24 Capricorni

Observation data Epoch J2000 Equinox J2000
- Constellation: Capricornus
- Right ascension: 21^{h} 07^{m} 07.66733^{s}
- Declination: −25° 00′ 21.0790″
- Apparent magnitude (V): +4.49

Characteristics
- Evolutionary stage: AGB
- Spectral type: M1− III
- B−V color index: 1.604±0.005

Astrometry
- Radial velocity (R_{v}): +32.1±0.8 km/s
- Proper motion (μ): RA: −28.09 mas/yr Dec.: −44.14 mas/yr
- Parallax (π): 7.15±0.22 mas
- Distance: 460 ± 10 ly (140 ± 4 pc)
- Absolute magnitude (M_{V}): −1.24

Details
- Radius: 54.06+1.88 −2.72 R_{☉}
- Luminosity: 611±41 L_{☉}
- Temperature: 3,903+102 −66 K
- Other designations: A Capricorni, 24 Cap, CD−25°15235, FK5 791, GC 29490, HD 200914, HIP 104234, HR 8080, SAO 190025, ADS 14632, CCDM J21071-2500

Database references
- SIMBAD: data

= 24 Capricorni =

Star in the southern constellation of Capricornus

24 Capricorni or A Capricorni is a single star in the southern constellation of Capricornus. This object is visible to the naked eye as a faint, red-hued star with an apparent visual magnitude of +4.49. It is approximately 460 light years from the Sun, based on parallax. The star is moving further from the Earth with a heliocentric radial velocity of +32 km/s.
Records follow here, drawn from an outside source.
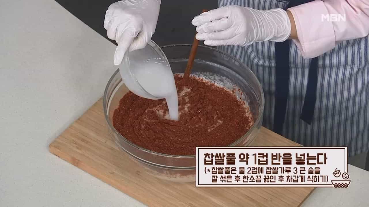 12. 찹쌀풀 약 1컵 반을 넣습니다. (찹쌀풀은 물 2컵에 찹쌀가루 3큰술을 잘 섞은 후 한소끔 끓인 후 차갑게 식혀서 만듭니다.)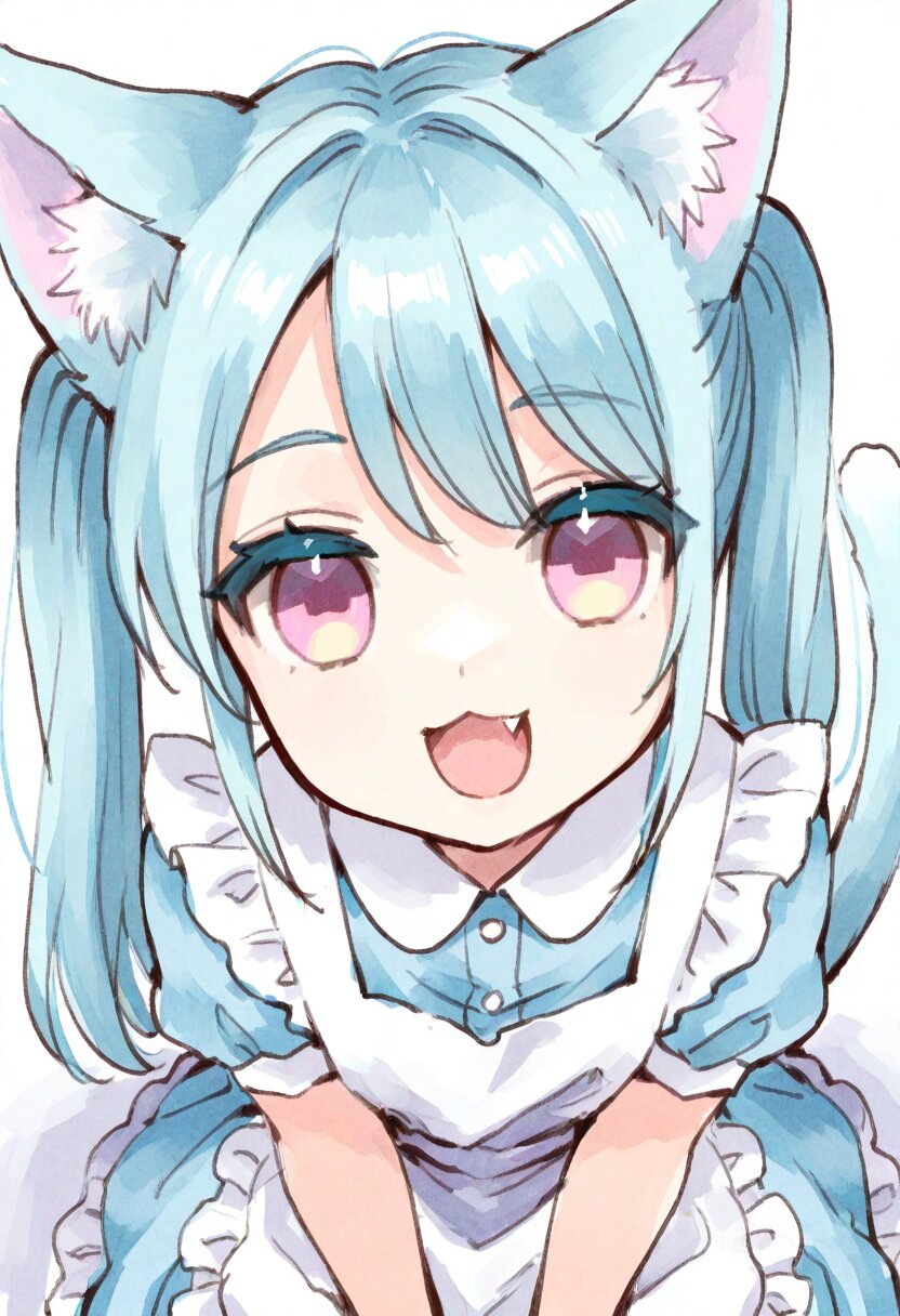 <lora:inmnstyleilxl:0.9>, , best quality, masterpiece, very aesthetic, watercolor painting, general, 1girl, light blue hair, twintails, cat ears, cat tail, light pink eyes, smile, open mouth, :3, fang, light blue dress, white apron, sitting, white background, long sidelocks <lora:erase_human_ear_v10_ill:1>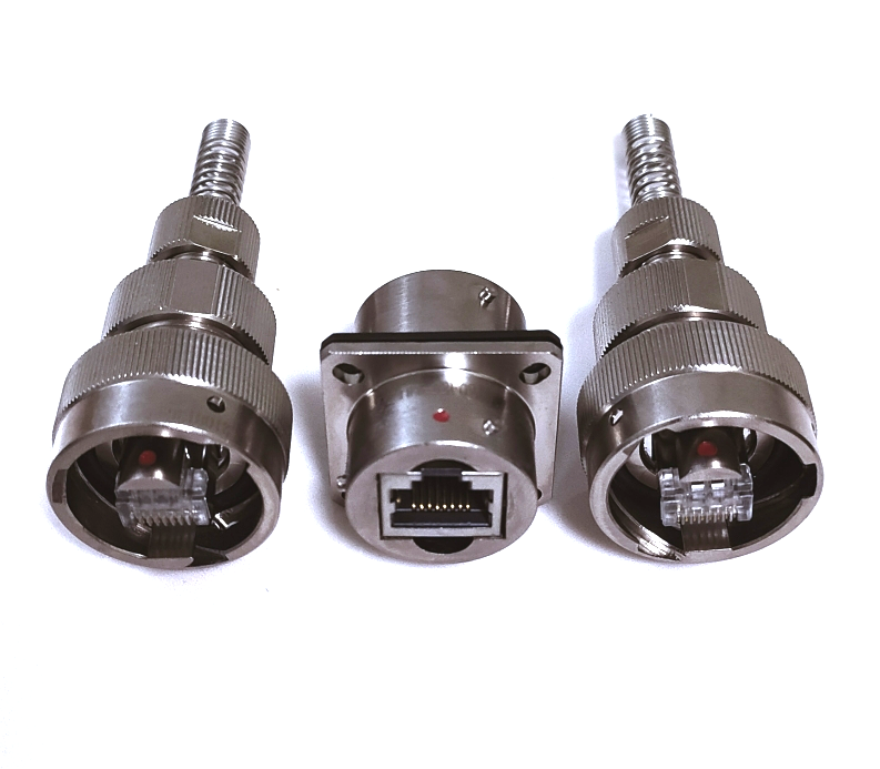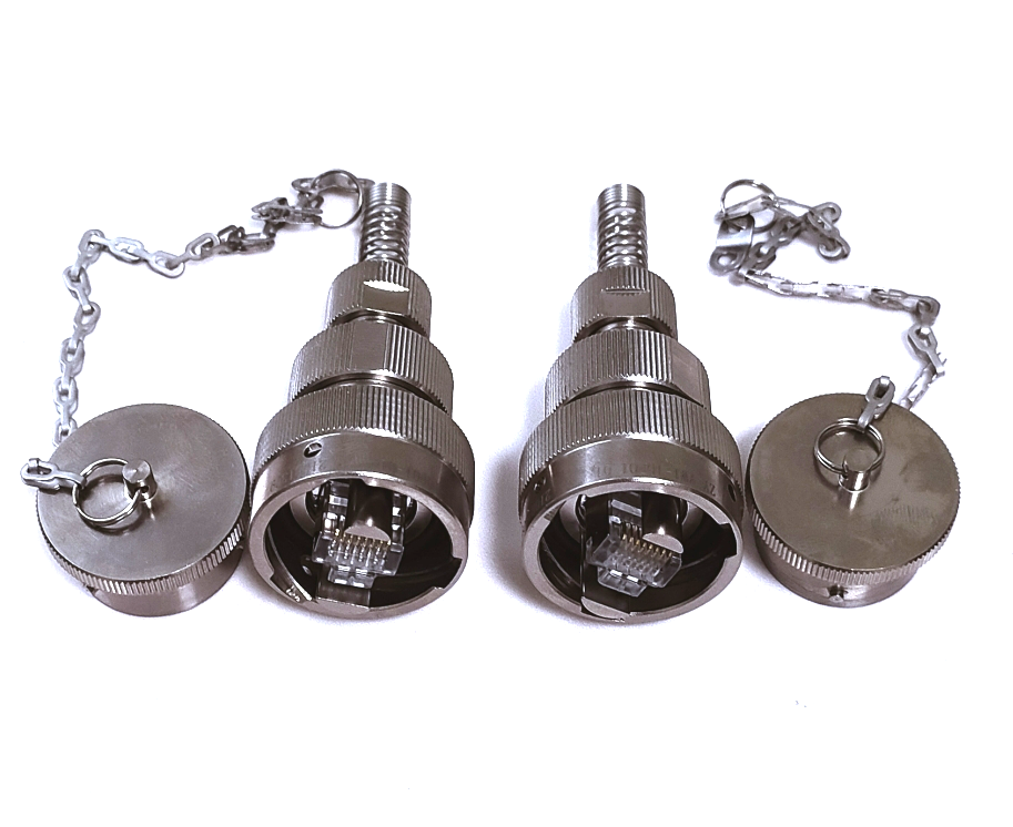 RJ45網口太網防爆連接器,外殼全金屬材料,有鋁合金和不銹鋼選用。不用的時候,有專用的防塵蓋,插座和插頭連接后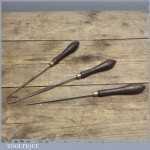 This is one of our recently sold items: Three needle files with rosewood and brass handles in untested condition although these do seem reasonable condition, these are bonus really as the handles are well worth the asking price.

This is an aging red giant, currently on the asymptotic giant branch, with a stellar classification of M1− III; a star that has exhausted the supply of hydrogen at its core and expanded to 54 times the Sun's radius. It is radiating 611 times the Sun's luminosity from its enlarged photosphere at an effective temperature of 3,903 K.

==Chinese name==
In R. H. Allen's book, this star is described as having the Chinese name Tsoo, representing the state of Chu, though other sources identify φ Capricorni as Chu. Bayer described it as one of the last three stars of the tail of the goat, although this is not how they appear in modern visual representations of the constellation.